There are far more candidates for the bounce-back article this year, as the shortened season created small-sample data that is less trustworthy. Additionally, the abbreviated campaign gave no time for injured players to get back into top form and have success across part of the season. Finally, many players personally dealt with COVID-19 and never lived up to expectations.
Here are some premium players who deserve the benefit of the doubt in 2021 drafts.
Christian Yelich (OF, MIL)
A top-three pick in most 2020 drafts, Yelich saw his year-over-year batting average drop 124 points en route to producing just 22 RBIs and four steals. The most alarming change was his strikeout rate, which jumped by more than 10 percent, and his hard-contact rate, which fell by a similar amount. He also gave back some of the fly ball improvements he made in 2019. Yelich’s walk rate improved, as he chased fewer pitches, but his overall contact percentage dropped as well. Overall, this looks like a textbook slump, and he didn’t have time to break out of it. His current ADP near the Round 1-2 turn feels like an appropriate gamble to make on someone who hit .327 with 80 homers and 52 steals across 2018-19.
Gleyber Torres (SS, NYY)
The good news is that Torres dramatically improved his control over the strike zone last year, posting career-best marks in strikeout rate (17.5 percent) and walk rate (13.8 percent). But he did less damage when making contact, experiencing a massive drop in hard contact rate and producing ground balls at a higher rate than ever before. Still just 24 years old, this talented youngster deserves a free pass on two bad months. Part of arguably baseball’s most potent lineup, Torres should produce plenty of homers, RBIs, and runs scored, while possibly being ready to make a major jump in the batting average category.
J.D. Martinez (OF, BOS)
Martinez has expressed multiple reasons to explain his disappointing 2020 season (.680 OPS). He complained during the campaign that the league’s temporary restrictions on in-game video use (thanks, Houston Astros) impacted his ability to prepare for plate appearances. And recently, Martinez admitted that he lost his focus during the COVID-19 shutdown and was not properly prepared for the start of the season. Just 33 years old, the slugger is far from washed up, and his three-year averages from 2017-19 (41 HR, 113 RBIs, 98 R, .313 BA) are the stuff that fantasy championships are made of. He’s a gift at his ADP of pick 85.
Eugenio Suarez (3B, CIN)
Fantasy managers who overrate the batting average category will avoid Suarez after he hit .202 last season. But the diminished batting mark can be mostly explained by a remarkable 98-point year-over-year BABIP drop. The slugger ranked 15th in baseball in homers during a down year in 2020 and trails only Pete Alonso in total round-trippers since the outset of 2019. Drafting Suarez at his pick-72 ADP will get you a respectable batting average and one of baseball’s most powerful players.
Yordan Alvarez (OF, HOU)
Alvarez had knee problems as soon as he showed up for Spring Training last February and wound up playing in just two games before undergoing season-ending surgery. Still just 23 years old, the heavyset slugger now has a cloudy long-term future. But Alvarez has undeniable plate skills (1.067 OPS in 2019) and should rank among the league leaders in homers per plate appearance.
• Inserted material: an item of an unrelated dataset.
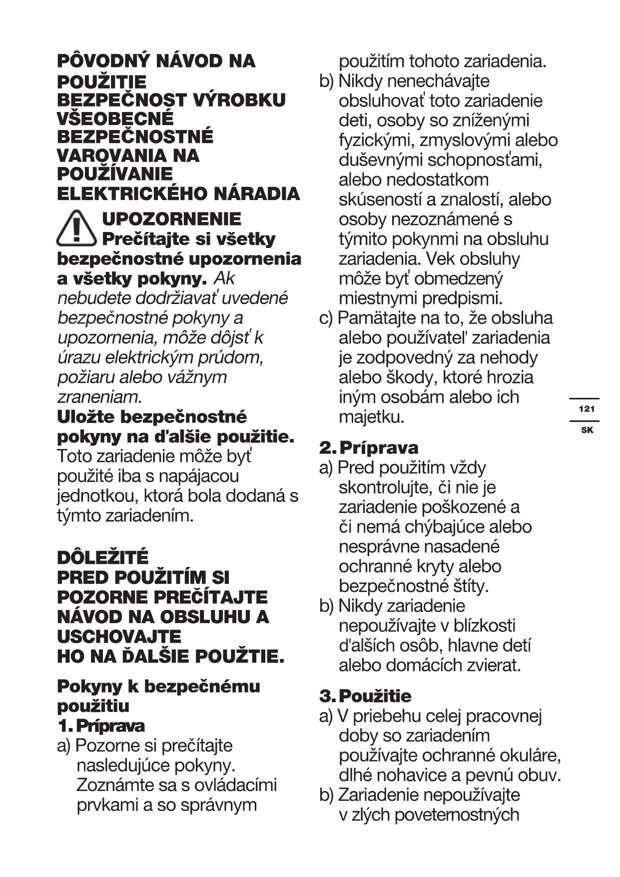 a) Pozorne si prečítajte nasledujúce pokyny. Zoznámte sa s ovládacími prvkami a so správnym použitím tohoto zariadenia. b) Nikdy nenechávajte obsluhovať toto zariadenie deti, osoby so zníženými fyzickými, zmyslovými alebo duševnými schopnosťami, alebo nedostatkom skúseností a znalostí, alebo osoby nezoznámené s týmito pokynmi na obsluhu zariadenia. Vek obsluhy môže byť obmedzený miestnymi predpismi. c) Pamätajte na to, že obsluha alebo používateľ zariadenia je zodpovedný za nehody alebo škody, ktoré hrozia iným osobám alebo ich majetku.

The ultimate boom-or-bust pick, Alvarez makes sense in 10-team leagues, where he can be easily replaced from the waiver wire.
Javier Baez (SS, CHC)
Baez is the perfect example of what happens when players with low walk rates experience bad luck. The free-swinger dealt with a year-over-year 83-point BABIP drop, and because he can’t find other ways to get on base, he wound up with an embarrassing .238 OBP. But Baez still produced eight homers and three steals across 59 games, which is only slightly off his typical pace. The guess here is that the 28-year-old will see a few more balls drop in for hits this year, which will enable him to return to being one of the top-10 shortstops.
Matt Olson (1B, OAK)
Olson continued his powerful ways last season (14 homers, 42 RBIs) but produced a lowly .195 average that left a bad taste in the mouths of his fantasy managers. A year-over-year 73-point BABIP drop was the main culprit in Olson’s struggles, but he also must take the blame for a contact rate that fell from 75 percent in 2019 to 68 percent last year. I’m not confident that Olson’s batting average will fully rebound, but his power is enough to make him a good option at his current ADP of pick 93.
Craig Kimbrel (RP, CHC)
The ultimate Kimbrel apologist, here I go, one more time.
The right-hander is still just 32 years old, and a couple years ago he was on a Hall of Fame pathway. His 2019 season was felled by not signing a contract until June and then dealing with a knee issue. And last year, he dealt with a mechanical flaw in August that cost him the closer’s role. But Kimbrel allowed nary a run and just three baserunners while striking out 13 across 7.1 September innings. With an ADP of 166, he could be one of this year’s best mid-round picks.